One scholarly theory speculates that the lobster canning industry was already booming in the New England states when Charles Mitchell, a Scot who had worked in salmon canning near Aberdeen, arrived in Nova Scotia in 1840.
Soon thereafter he entered into partnership with a Mr. McPherson and established a lobster factory in Liverpool, Nova Scotia (one of the earliest on the eastern seaboard).
According to research by Memorial University’s Kurt Korneski, there were two main reasons for the expansion of the industry into this area throughout the latter half of the 19th century. First, lobster canning could be a highly lucrative industry and this profitability during the early years encouraged other canners to expand into new territories.
William Underwood and Company, for example, was one of the earliest canners operating on the Bay of Fundy in New Brunswick, while W.K. Lewis and Brothers built some of the earlier factories near Halifax. Burnham and Morill also established early canneries in Halifax and Guysborough counties before branching out into Cape Breton and the Northumberland Strait.
Maine lobster packer Winslow Jones established factories in New Brunswick, Quebec (including the Magdalen Islands) and Nova Scotia, while members of his family, having learned the trade from him, headed off to pioneer the salmon canning industry on the Pacific Coast.

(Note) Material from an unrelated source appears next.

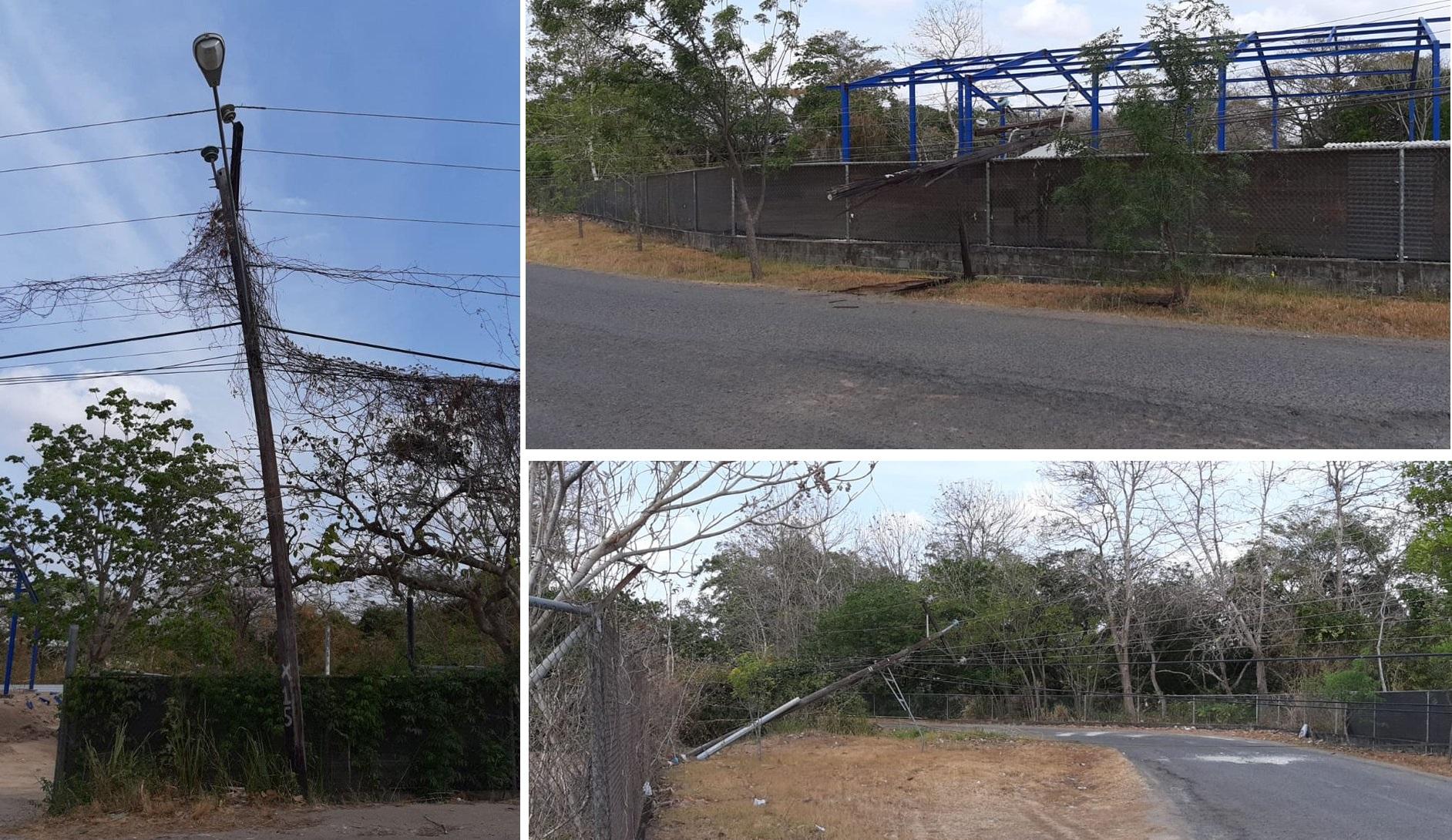 Producto del accidente de tránsito uno de los postes de madera terminó completamente partido, lo que ocasionó que la parte que sostiene el cableado que conduce la energía eléctrica no se rompiera gracias a que quedó sobre una cerca de alambre ciclón.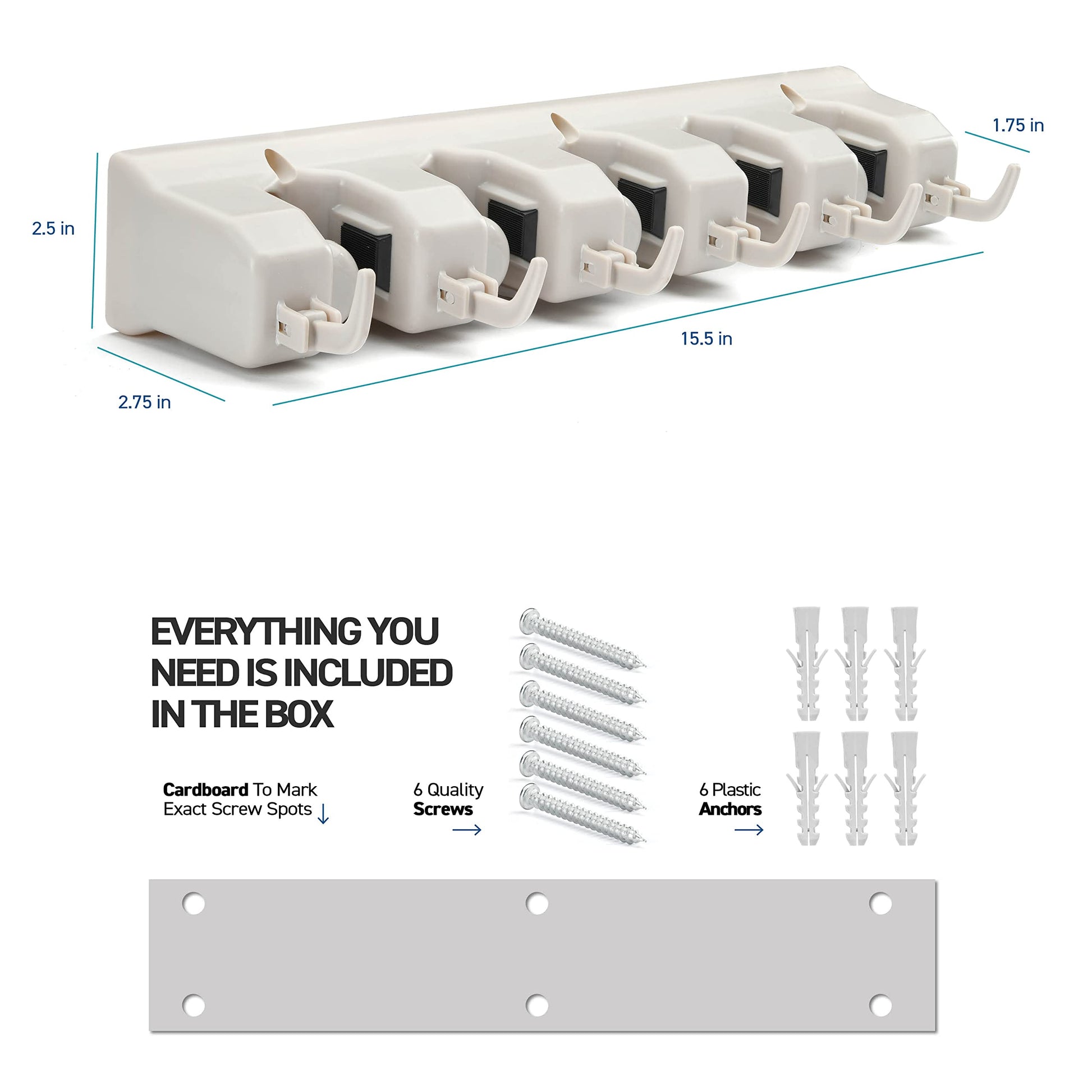 Home-it Mop and Broom Holder Wall Mount Garden Tool Storage Tool Rack Storage & Organization for the Home Plastic Hanger for Closet Garage Organizer (5-position)

Similarly, while it is not clear where he learned the trade, but A.C. White, a native of Haverill, Massachusetts, partnered with a tin smith named Whidden of Yarmouth, Nova Scotia.
According to Korneski’s research, while White’s first forays into the industry were disappointing, he went on to success in nearby Port Mouton.
By 1890, the number of factories in Canada had climbed to at least 331 (133 in Nova Scotia, at least 100 in New Brunswick and 98 in Prince Edward Island). Five years later, when canning ceased almost altogether in the United States, the number of operations in Canada had increased to approximately 650, though here again the large canners found it increasingly difficult to sustain themselves and smaller operations began to take their place.
These industry forefathers laid the groundwork for today’s billion-dollar industry in Nova Scotia, which is fueled by the lobster fishing areas (LFAs) 33 and 34 right off your shores.
What would these gentlemen think if they could even glimpse the modern fishery of today with its record-setting catches and prices?
Would they have even dreamed of scenarios where locally-caught live lobster was being flown halfway around the globe in jumbo jets to hungry consumers speaking dozens of different languages?
It is safe bet to assume that well-known American author and speaker Joyce Meyer was not referring to the lobster industry when she penned the words “small beginnings are the launching pad to great endings,” but it sure fits the bill in this case — creating the catalyst that drives the Nova Scotian economy and employs thousands.